JAITLEY: You see, I quite—I certainly think this is an important issue. You see, it’s also important to analyze what happened to and what’s the magnitude of this problem. You see, Indian banks, particularly public-sector banks, have conventionally lent for both infrastructure and industry, rather than just retail lending. And they’ve been a part of the growth story itself.

Now, during the boom period and thereafter, there was lending in several sectors. And because of the global downturn and those sectors being impacted, you found an adverse impact on some of those sectors. What’s the magnitude of the problem? The magnitude is that essentially it is about 20 to 30 big accounts. It’s not—it’s not something—a problem spread over hundreds of thousands of accounts. And therefore, if the banking system is to resolve these 20 to 30, which is not an impossibility, therefore we’ve tried various measures.

There’s one constraint which we have. It’s not a constraint on the leadership quality in the bank, but it’s a constraint on the environment in which the bank bureaucracy functions. I have seen that the banks are not bold enough to take their decisions because Indian law—our anti-corruption law is still a pre-liberalization law. It dates back to 1988. Liberalization started in 1991. And one of the fundamental flaws in that law has been that erroneous decision-making, which may be taking haircuts in order to settle, gets identified as an act of corruption. So you find that the banking bureaucracy is a little defensive in trying to resolve this.

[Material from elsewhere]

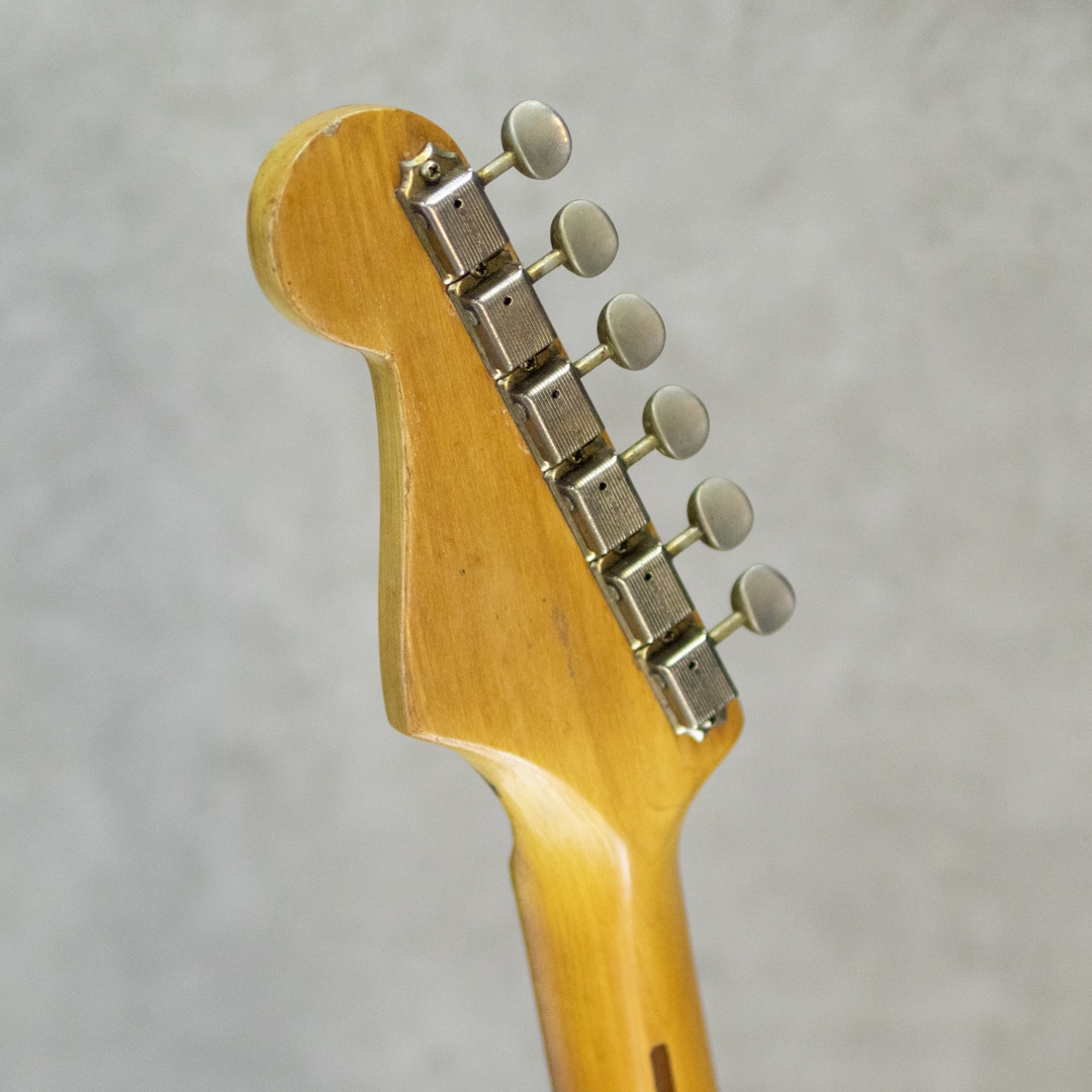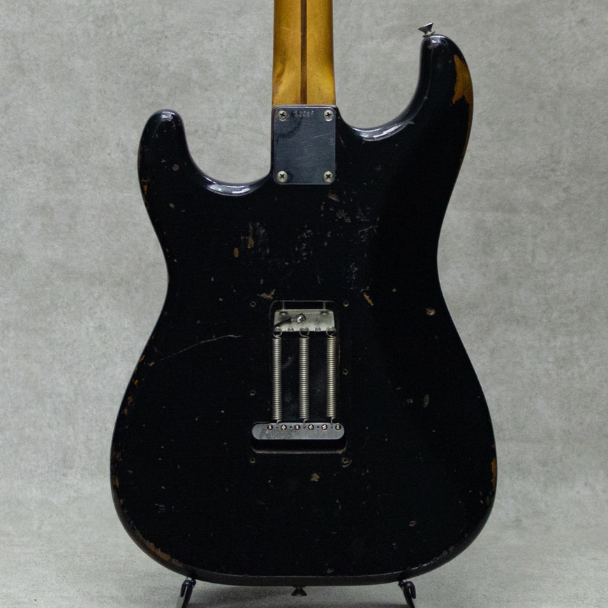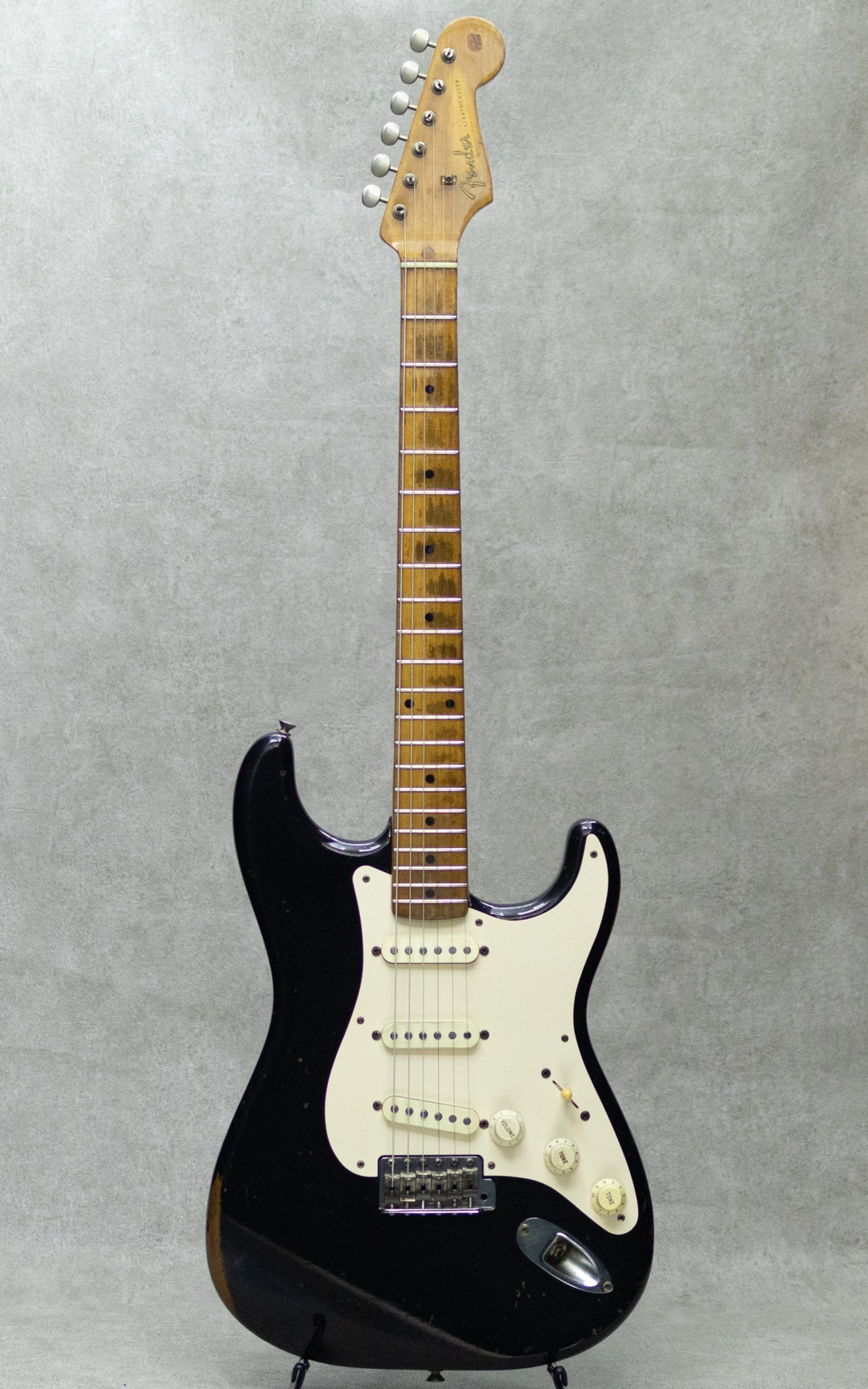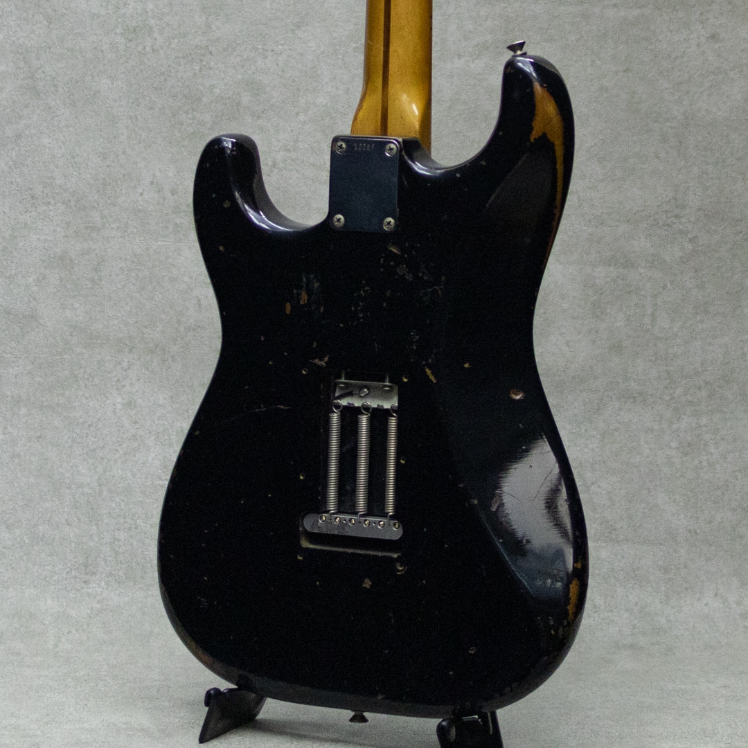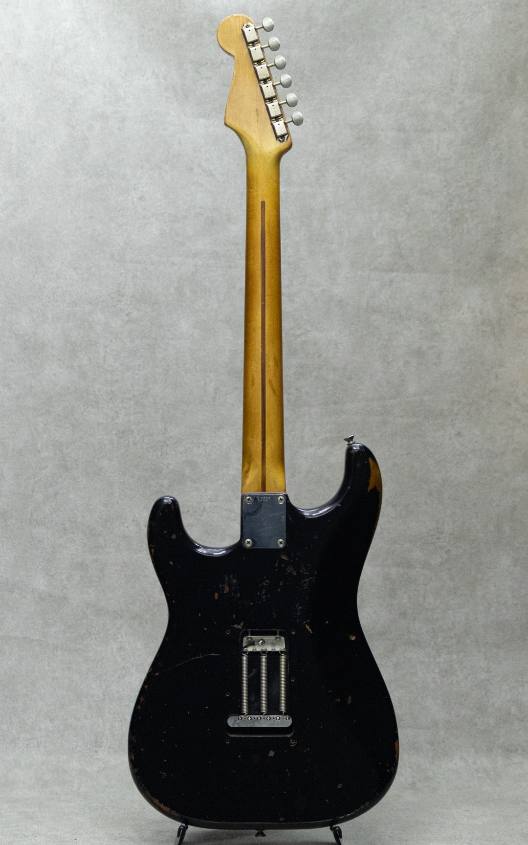 1956年製”Stratocaster”のネックと、1950年代製”Stratocaster”のボディにて組み込まれたビンテージコンポストラト。1956年製のメイプルワンピースネック。山なりはあるもののVまではいかない56ネックシェイプ。歴戦の使用が感じられる良い雰囲気で丸みのある握り具合が心地よいです。ペグは50年代後半からのパテントNo.入りクルーソンデラックスペグが搭載。リフィニッシュ・リデカールが施されており、ナロートールフレットでのリフレットがされておりフレット残りもしっかりとあり、音詰まりなどなく積極的にプレイいただけます。ボディは1950年代製。ネイルホールや形状など確かなFender製の特徴を残していますが、ボディデイトは残念ながら確認できません。かなり古い時期にブラックカラーにリフィニッシュされた様子で、現在はとても雰囲気のあるウェザーチェックがびっしりと出ており、経年と使用に伴う傷や塗装剥がれがとても良い雰囲気を出してくれています。サドルは4/5がリプロパーツ、サスティンブロックはカラハム製。ピックアップには”Lindy Fralin”の”Real '54s”x3が搭載。POTはCTSビンテージテーパー250K/Ax3、スイッチはCRL5way、コンデンサーにはフェンダーワックスペーパー0.1uFを使用し、クロスワイヤーでしっかりとビンテージの仕様を踏襲し組み込んでいます。とても甘くファットな倍音が豊かで、各ポジションでメイプルストラトならではの少しミドルの落ち着いたトーンを味わわせてくれます。くたびれた印象は受けず、かと言って近年アッセンとは思えないまとまったサウンドを放つ本器。グラッシーで抜けの良いグッドサウンドのプレイヤーズビンテージです。指板Rはオリジナルの7.25Rを残しており、ストラトプレイヤーが好むストラトサウンド&フィーリングを存分にお楽しみいただけます。しっかりとしたビンテージモデルに組み込まれたビンテージコンポストラト。是非、積極的にプレイされる方にオススメの1本です。近年Fenderのブラウントーレックスハードケースが付属します。その他詳細はお気軽にお問い合わせください。

So about two years ago I had first flagged this issue in public discourse, and I’m glad as a result of it the political discourse went on. And now the parliamentary committee has unanimously recommended that this be corrected. And this is at the final stage now. The recommendation of a larger consensus parliamentary committee has come. Hopefully, in the next session we will take this up. The bank bureaucracy is going to be—or, for that matter, any bureaucracy or a public servant dealing with economic decisions, then they can decide on commercial considerations rather than be constrained as to the future consequences of their action itself. So the decision between a possible commercial decision being treated as an act of corruption, I think that the law has to eliminate that possibility.

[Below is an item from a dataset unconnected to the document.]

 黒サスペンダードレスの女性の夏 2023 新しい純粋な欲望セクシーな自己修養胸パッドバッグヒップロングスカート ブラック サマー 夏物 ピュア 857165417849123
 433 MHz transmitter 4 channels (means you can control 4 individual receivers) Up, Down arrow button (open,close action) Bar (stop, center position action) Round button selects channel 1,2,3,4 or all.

The reserve bank itself has come out with several guidelines and schemes under which the banks have been empowered. We have an insolvency law in place now. And there is some other action which we have in the pipeline now in order to resolve this.

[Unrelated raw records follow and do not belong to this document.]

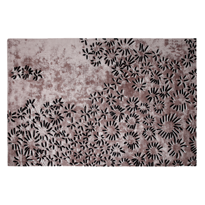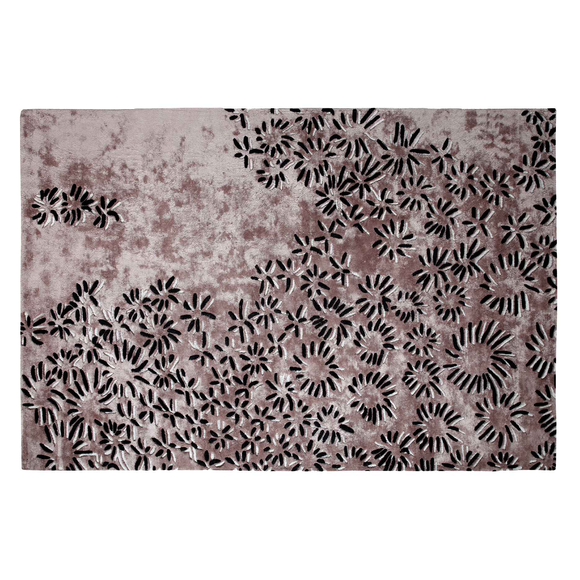 The Bubble Peach Black carpet is a serene tapestry, its intricate pattern reminiscent of a field of wildflowers blooming under a soft, ethereal light. Hand-tufted with meticulous care, this carpet offers a luxurious and tactile experience.
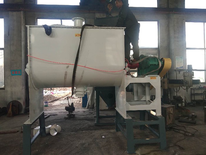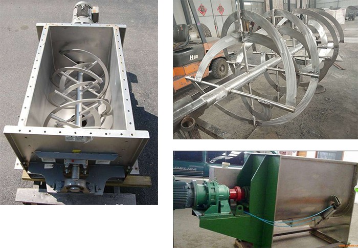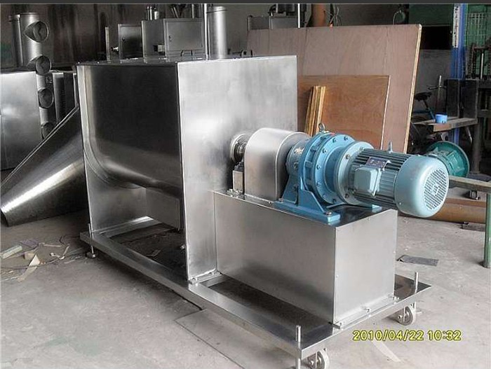 臥式混料機由U形容器、螺帶攪拌葉片和傳動部件組成;螺帶狀葉片一般做成雙層或三層,外層螺旋將物料從兩側向中間匯集,內層螺旋將物料從中間向兩側輸送,形成對流混合。 螺帶混合機對于粘性或有凝聚性的粉粒體的混合以及粉粒體中添加液體及糊狀物料的混合有良好的效果,筒蓋可做成全開式門,以便于對設備進行清洗更換產品。
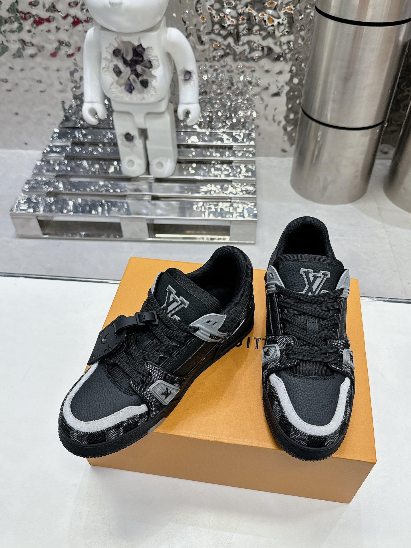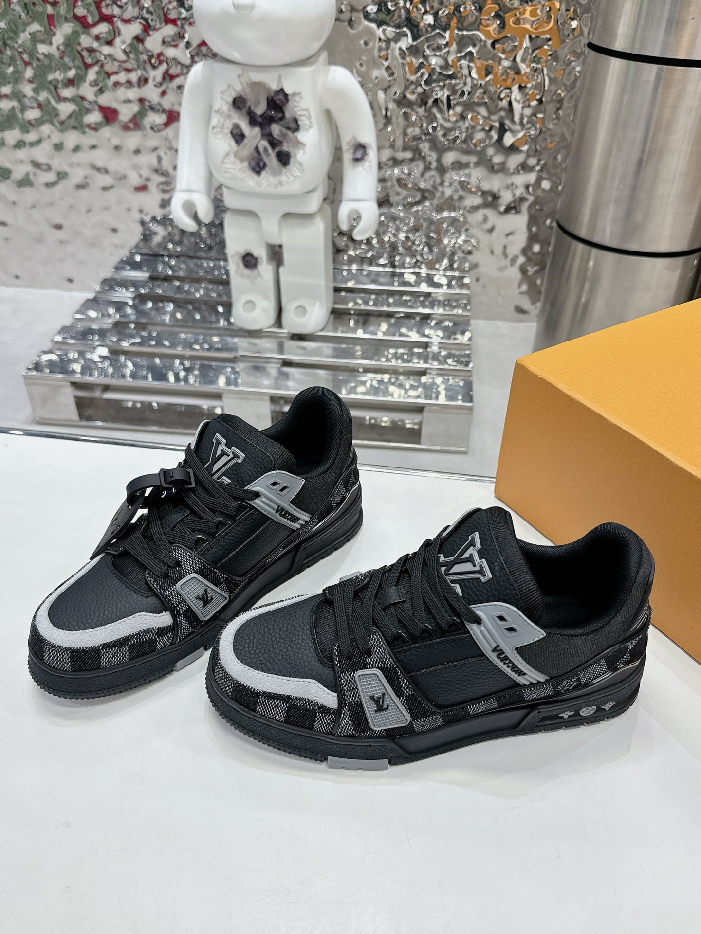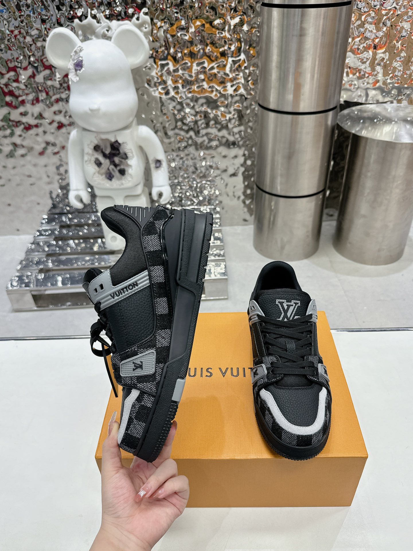 這款鞋子是AAAAA 1:1 質量(非常棒). 使用了和原版一模一樣的材料. 商標部分也保持了和路易威登/Louis Vuitton一樣. 圖片拍攝是實物鞋子拍攝, 您所收到的實物保證和我們圖片一模一樣.

Essentially, it would also mean that the defaulting companies will have to find partners, will have to go in for either change of managements, they’ll have to get investors. And some precipitative action will be taken. This may also involve some haircuts by the banks, which would be a bona fide commercial consideration. And it’s not impossible for a large economy like India to resolve 20 to 30 accounts.

So it’s not an insurmountable problem. I think it’s just persisted too long, but it’s certainly adversely impacting us.

So if you were to ask me, there are a series of reforms/changes which we’ve successfully made. This is one hurdle which we are now required to jump, and that’s where our current focus is.

KAYE: You also, obviously, talk about de-monetization. It was sort of much-debated and -discussed last fall. What sort of is your view of kind of what’s the final scorecard? How do you think about it?

JAITLEY: You see, the final scorecard will take a long time because, unlike in any other developed economy where you think in terms of replacement of currency, in the Indian context, besides issues like terror funding and counterfeit currency, I think one big reason was tax noncompliance. Now, I said this earlier in India, so I don’t mind repeating this: the Indian normal was that a lot of informal businesses—you can leave the large companies out of it—the others would maintain two sets of accounts, the declared ones and the—and the undeclared ones. It was impossible to buy real estate in India without giving some money which is unaccounted and some money which is—this was the normal, and this was never considered very improper. That was almost a way of life. And for 70 years we’ve existed with this whole system where paper currency was the rule. For instance, bulk of political funding in India, world’s largest democracy, was also through this unaccounted mechanism itself.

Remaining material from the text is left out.